Neck and Shoulder Tension

You feel as if someone is “riding” on your neck. Additionally, neck and shoulder pain indicates taking on too much. You feel obligated to constantly care for, help, and support others, forgetting your own health and happiness. It’s necessary to rid oneself of hyper-responsibility, which causes muscle spasms in the neck.

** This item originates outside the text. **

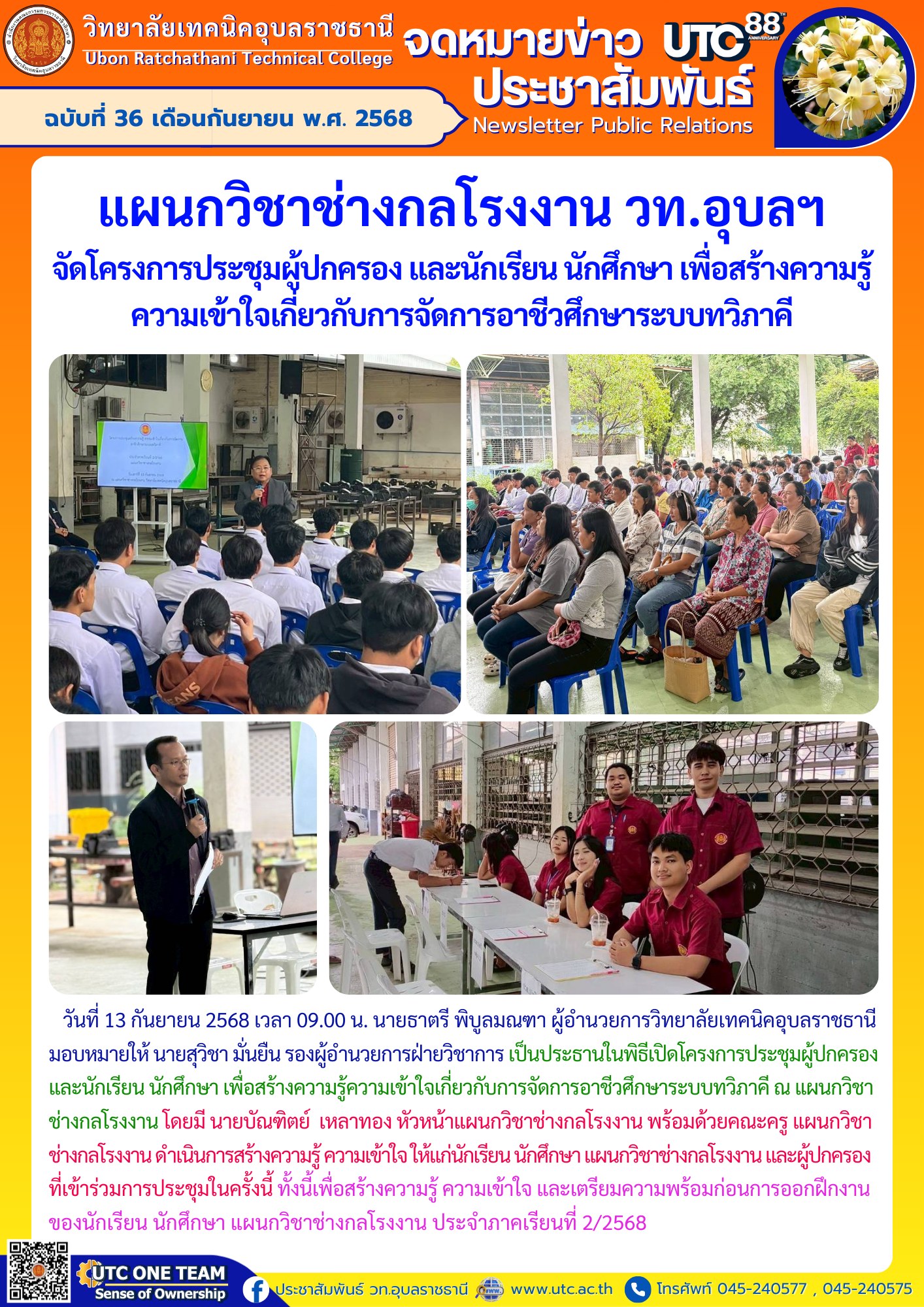 แผนกวิชาช่างกลโรงงาน วท.อุบลฯ จัดโครงการประชุมผู้ปกครอง และนักเรียน นักศึกษา เพื่อสร้างความรู้ความเข้าใจเกี่ยวกับการจัดการอาชีวศึกษาระบบทวิภาคี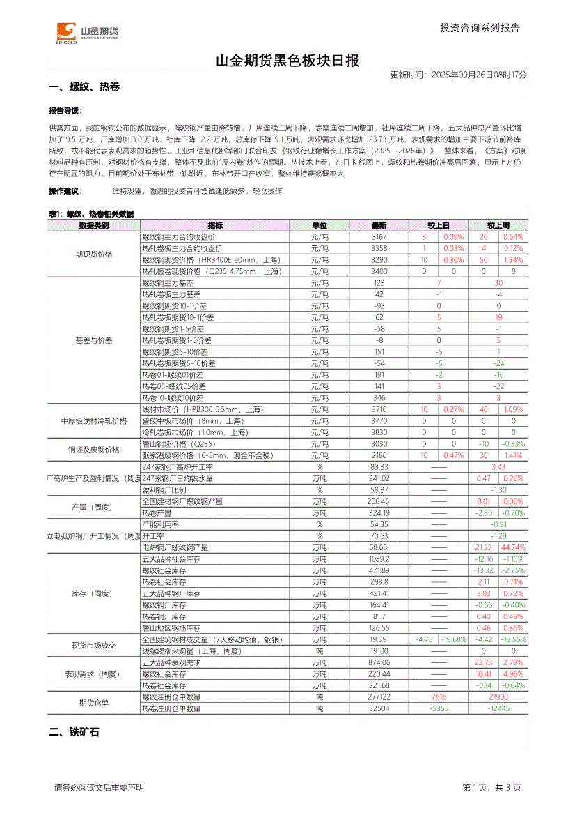 山金期货-螺纹热卷2025年四季报:当前供需同步转弱压力仍在,期价中期仍有望探底回升-251014

Chondrosis, Pinching, Hunchback, Itch

Causes of chondrosis, pinching, itch, hunchback:

  • Stress;
  • Fear of dismissal;
  • Suppressed creative self-realization;
  • Self-criticism;
  • Fear of making a mistake;
  • Criticism from others;
  • Lack of support;
  • Engaging in disliked activities;
  • Suppressed anger and rage;
  • Dissatisfaction with one’s or another person’s actions;
  • Lack of life’s purpose;
  • Irritation;
  • Feeling disconnected from life.

How to Get Rid of Neck Pain and Eliminate the Psychosomatic Cause

To eliminate neck pain, you need to address the psychological cause. Follow these stages of healing and psychosomatic neck exercises.

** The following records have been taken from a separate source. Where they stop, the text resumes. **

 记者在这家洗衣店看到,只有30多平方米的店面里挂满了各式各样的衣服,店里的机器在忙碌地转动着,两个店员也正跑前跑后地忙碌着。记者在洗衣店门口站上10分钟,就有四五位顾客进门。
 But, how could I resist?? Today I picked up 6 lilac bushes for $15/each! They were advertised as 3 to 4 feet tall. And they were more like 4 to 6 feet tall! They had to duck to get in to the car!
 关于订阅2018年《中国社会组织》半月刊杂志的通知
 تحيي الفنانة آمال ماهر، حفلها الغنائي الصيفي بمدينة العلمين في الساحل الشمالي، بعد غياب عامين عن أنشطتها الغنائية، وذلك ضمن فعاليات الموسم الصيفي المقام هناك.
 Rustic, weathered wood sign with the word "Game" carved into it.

Psychosomatic Neck Warm-Up

  1. Express all emotions and feelings. This doesn’t mean you should yell at someone, fight, or get offended. Learn to verbalize your feelings. Say if you are angry at someone or if they hurt you. If you love someone, confess your feelings. Suppressing any emotion is equally dangerous for health. If you can’t convey your emotions to the recipient, release tension in another way: scream alone, cry, laugh. The important thing is to do it consciously. Allow yourself to be a living person.
  2. Train your mind, stretch and warm it up. Learn to listen, accept, and understand other people’s positions. Try to see a problematic situation through someone else’s eyes. But don’t become dependent, don’t allow yourself to be manipulated.
  3. Deal with internal contradictions. Don’t force yourself to do things you don’t want to. Don’t settle for what you are unhappy with. Change your job, hobbies, social circle, or place of residence. Realize what your body and subconscious are protesting against.
  4. Learn to listen to and feel your body, connecting its reactions to emotions. Observe when the pain intensifies and when it weakens. Identify what brings you joy and comfort, and what spoils your mood and worsens your well-being. This will help you understand what you want, what you aspire to, what you like. Then think about how to restore balance in your life.
  5. Develop objectivity. Subjective perception distorts reality, learn to see facts. In every difficult situation, try to detach yourself and look at everything from the perspective of a passerby.
  6. Exercise, stretch, massage your muscles. A sedentary and passive lifestyle slows down metabolism, worsens circulation. This causes an energy stagnation.

Important! Healing requires achieving harmony with the body, soul, and mind. Understand your desires and live in accord with yourself.